The triage card in the HTML report has a one-click “Open PR with this
fix” affordance that turns proposedSteps into a prose update.
Worked example: API contract changed
A flow does tap "Place order" then asserts visible "Order placed".
A backend deploy starts returning HTTP 500 for the order endpoint;
the in-app handler shows an error toast and disables the button.
The matcher resolves "Place order" cleanly. The tap fires. The
following assert for "Order placed" exhausts the ladder — the text
is genuinely not on screen. The planner re-runs against the
post-failure element graph; the order screen has not navigated, the
toast carries "Network error", and there is no obvious replanned
path. The planner returns error: "no working path".
Verdict: regression. The triage block ships:
- A PM narrative explaining what the user would see.
- An engineer narrative naming the failed assertion.
- A ranked
suspectFileslist, derived from the elements involved in the matcher trace (the dev-only__sourcedenormalisation; see failure evidence). - A
suspectCommitpointer — the most recent commit touching any of the suspect files within the last 200 commits.
The HTML report renders the suspect commit author, message, and SHA inline. The PR comment has a clickable link straight to that commit.
Suspect-file ranking
The deterministic step uses the failed step’s sourceLinks. Each
linked node carries (elementId, fileName, lineNumber) from the dev-
only __source denormalisation that React Native’s babel plugin
emits. The classifier walks the matcher trace’s matchedElementId and
candidateIds, looks each up in the failure-state snapshot, and
collects _source from the element itself plus its three nearest
ancestors. Composite components that wrap interactive primitives are
the typical suspects, so ancestors carry weight.
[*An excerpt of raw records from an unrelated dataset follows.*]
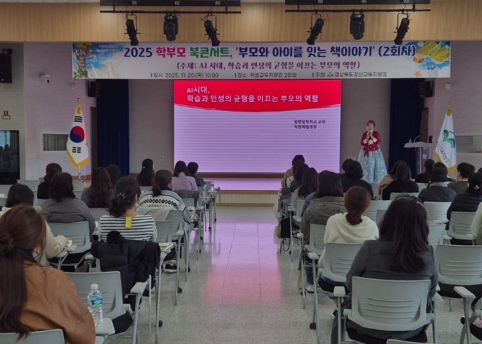 [파이낸셜경제=김지훈 기자] 경상북도경산교육지원청은 11월 20일 학생교육지원관 강당에서 개최한 ‘2025 부모와 아이를 잇는 책 이야기’ 북콘서트 행사를 성황리에 마무리했다고 21일 밝혔다. 경산 관내 유·초·중·고 학부모 약 80여 명이 참석하여 미래 교육에 대한 높은 관심을 보였다.
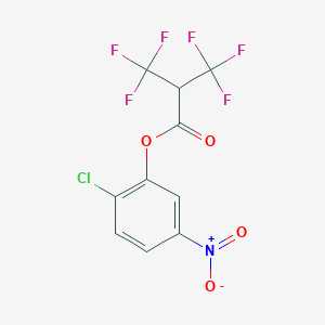2-chloro-5-nitrophenyl 3,3,3-trifluoro-2-(trifluoromethyl)propanoate is an organic compound that features both nitro and trifluoromethyl groups, making it a molecule of interest in various chemical and industrial applications. The presence of these functional groups imparts unique chemical properties, including high reactivity and stability under certain conditions.
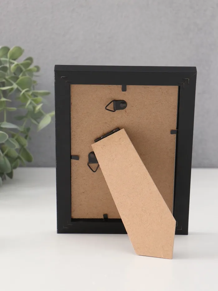 - Удобный крепеж в виде подвеса и подставки позволяет разместить рамку как на стене, так и на столе.
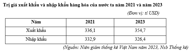 Căn cứ vào bảng số liệu trên, hãy cho biết giá trị xuất siêu của nước ta năm 2023 so với năm 2021 tăng bao nhiêu tỉ USD (làm tròn kết quả đến một chữ số thập phân).
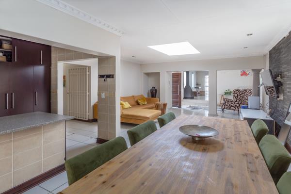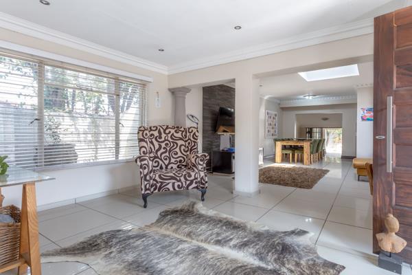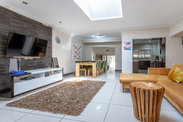 Youre welcomed by an inviting entrance hall that leads to a generously sized lounge, complete with a cozy fireplace the perfect space for winter gatherings. To the right, the home unfolds into a TV lounge, dining area, and an open-plan kitchen finished with Caesarstone countertops, ample cupboard space, and room for an undercounter appliance. A large adjoining scullery provides additional storage and accommodates two more appliances.
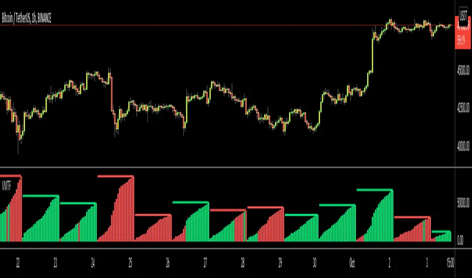 This script shows total volume info of Higher Time Frame. it checks open/close prices of higher time frame and sets the color. it also show a dynamic line on last volume , so you can see when HTF candle started and ended. by looking at the color of volume columns you can see HTF candle is green or red. it's something like weis wave volume that is using HTF candles.
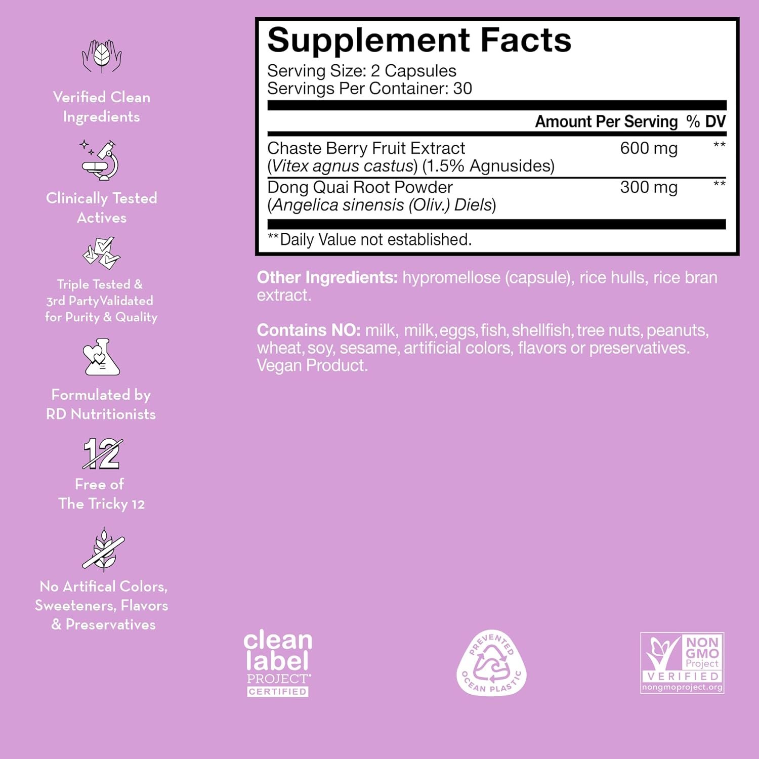 SCIENTIFICALLY BACKED INGREDIENTS: Chaste berry and dong quai root have been clinically researched and are known for their hormone-modulating properties and their ability to alleviate PMS symptoms.

The LLM narrator may re-rank or trim the list. The deterministic list
is always populated when __source is available; it survives an LLM
outage as the fallback.
The LLM narrator
After the classifier picks the verdict, klera invokes the planner LLM (Claude Sonnet 4.6 by default) with a structured prompt:
- The verdict.
- The flow name + failed step index.
- The cached IR step that ran.
- The replanned step the planner produced (drift case).
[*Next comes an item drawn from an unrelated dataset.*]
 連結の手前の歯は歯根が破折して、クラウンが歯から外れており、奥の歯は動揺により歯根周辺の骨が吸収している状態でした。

- The matcher trace, error message and details, source links, frames.
The narrator writes a tweet-length PM narrative (≤280 chars) and a
paragraph-length engineer narrative (≤800 chars), plus its own ranked
suspectFiles (≤5 entries). The schema is enforced by Zod — malformed
narrator output falls back to the deterministic suspect-file list and
short stub prose.
Escape hatches
The classifier and narrator are both opt-out:
klera run --no-triage— skip the triage block entirely. The report still ships, just without the verdict / narrative / suspect files.KLERA_NO_TRIAGE=1— environment-variable form of the same flag. Useful in CI environments where you want triage on locally and off in a one-off rerun job.
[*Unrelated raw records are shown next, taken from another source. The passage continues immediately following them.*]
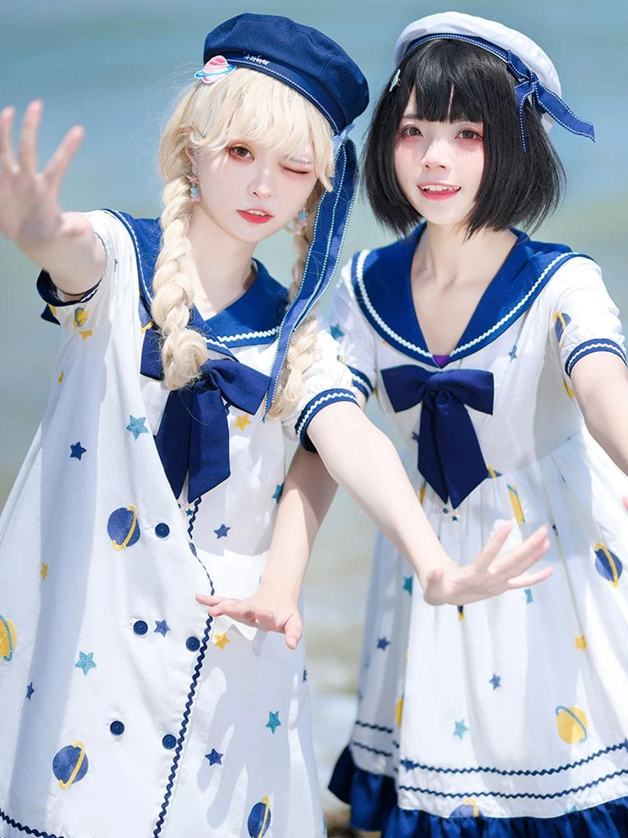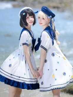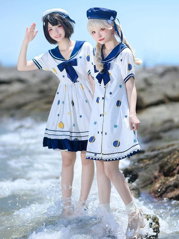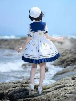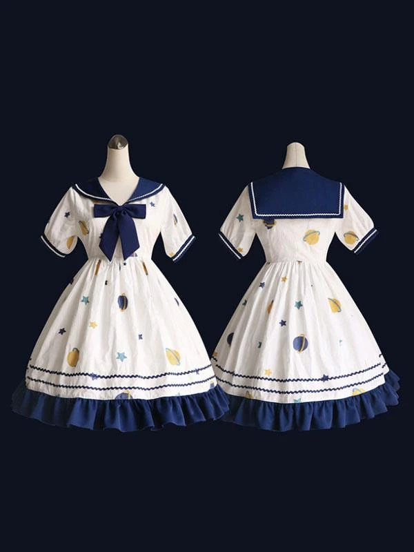 【umbrella Skirt】Sweet Lolita Dress Polyester Short Sleeves Dress Navy Style Lolita Dress
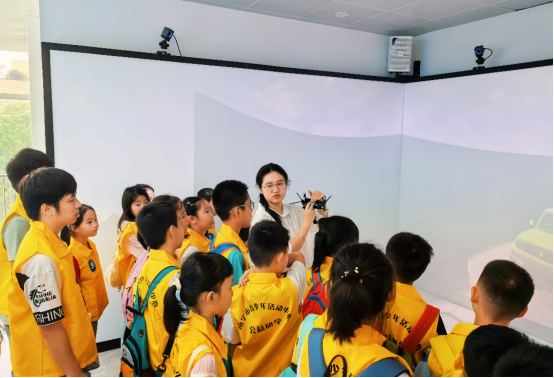 在元宇宙新质生产力实训实践中心,一场名为“趣探AI与VR:开启未来科技冒险行”的主题活动正在开展。小学员们站在虚拟现实CAVE系统前,眼里充满了好奇与惊叹。通过虚拟现实CAVE系统“拆解”汽车,用裸眼3D笔记本进行科普教学模块体验和射击游戏体验,戴上VR眼镜体验沉浸式绘画与动画等,在虚拟现实中进一步体验了科技的魅力。
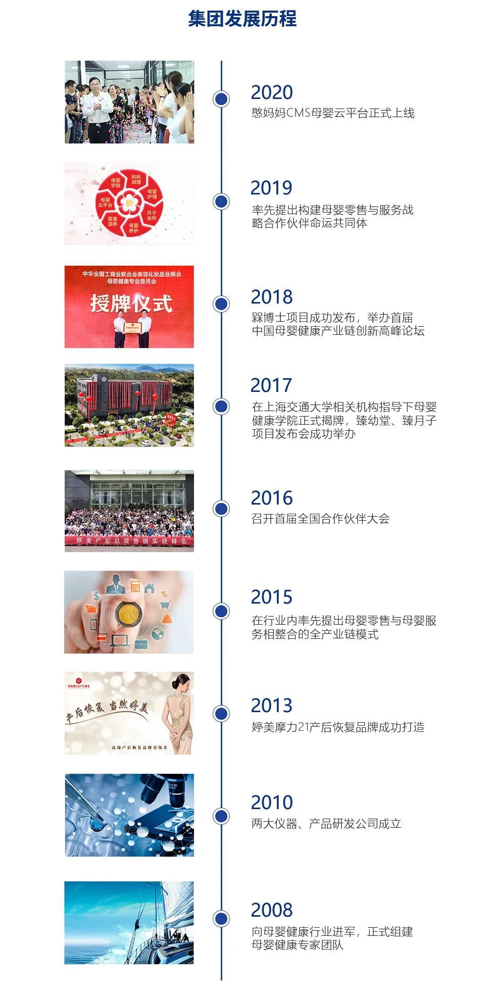 梅氏健康集團自(zì)2008年(nián)以來(lái),秉承“一心鑄就(jiù),百年(nián)健康”的企業願景,不斷開創。2013年(nián),婷美摩力21産後恢複品牌成功打造;2015年(nián),在行業内率先提出母嬰零售與母嬰服務相(xiàng)整合的全産業鏈模式;2017年(nián)在上海交通大(dà)學相(xiàng)關機(jī)構指導下母嬰健康學院正式揭牌;臻幼堂、臻月子項目發布會成功舉辦;2018年(nián)槑博士項目成功發布,并舉辦了首屆中國(guó)母嬰健康産業鏈創新高峰論壇。母嬰零售與服務産業鏈在這一年(nián)形成閉環;2019年(nián),梅氏健康集團繼續完善升級産業鏈闆塊,率先提出構建母嬰零售與服務戰略合作(zuò)夥伴命運共同體(tǐ);2020年(nián),憨媽媽CMS母嬰雲平台正式上線,梅氏健康集團發展到今天已成爲中國(guó)母嬰健康産業鏈創新發展領軍品牌。
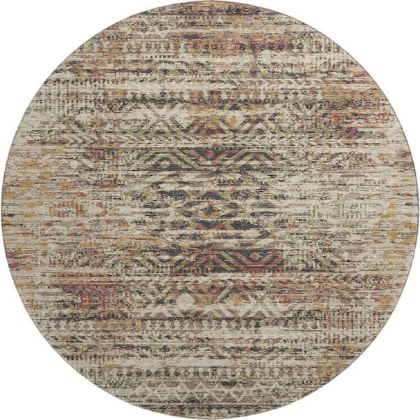 Mayfield Premium Machine Washable Abstract AMF1997 Beige 8 ft. x 8 ft. Round Rug
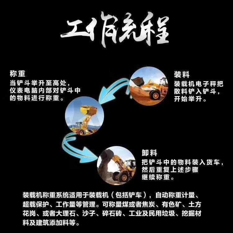装载机铲车电子秤主要由液压传感器,位置传感器,显示仪表等三部分组成,使用12V电池作为电源,精度高,使用方便,适用于货场,码头工厂等何种需要称重地方。电源使用装载机本身自身电源,不破坏装载机本身结构,对电池没有危害
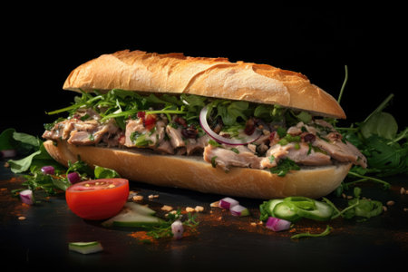 tuna salad sandwich, overflowing with toppings and ingredients, created with generative ai
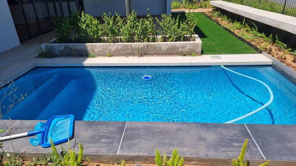 This exquisite four bedroom residence has every modern convenience. You enter this home and are greeted by high ceilings and spacious open plan. The first floor features the open plan lounge, dining and kitchen area leading to the pool and outdoor patio.The designer kitchen is fitted with SMEG appliances followed by a fully fitted scullery and laundry area.

Graceful degradation without an API key
The classifier never needs an LLM. The narrator does. When
ANTHROPIC_API_KEY is unset (or the local-CLI planner transport is
unreachable), klera ships:
- The deterministic verdict.
- A short stub PM narrative (
"Auto-triage narrative pending — wire ANTHROPIC_API_KEY for prose."). - A short stub engineer narrative.
- The deterministic
suspectFileslist. - The
suspectCommitpointer when the verdict isregressionandgit logsucceeds.
The HTML report renders all of the above without a placeholder. Add
the API key (or wire claude / codex / gemini on PATH) and the
next failure ships full narratives.
Where the triage block lives
The triage block is part of the JSON report’s top-level shape:
{
"schemaVersion": 4,
"flow": { ... },
"steps": [ ... ],
"triage": {
"verdict": "regression",
"failedStepIndex": 4,
"pmNarrative": "Tapping Place order didn't navigate forward...",
"engineerNarrative": "Step 4 (assert visible 'Order placed')...",
"suspectFiles": [
{ "fileName": "packages/checkout/src/PlaceOrderButton.tsx", "lineNumber": 42, "reason": "..." }
],
"suspectCommit": {
"sha": "a1c4f29",
"author": "miyu",
"subject": "checkout: gate submit on payment-method validity"
}
}
}klera report --html renders the triage block as the card you saw at
the top of this page. klera report --junit folds the verdict into the
JUnit <system-out> so it shows up in PR test panes.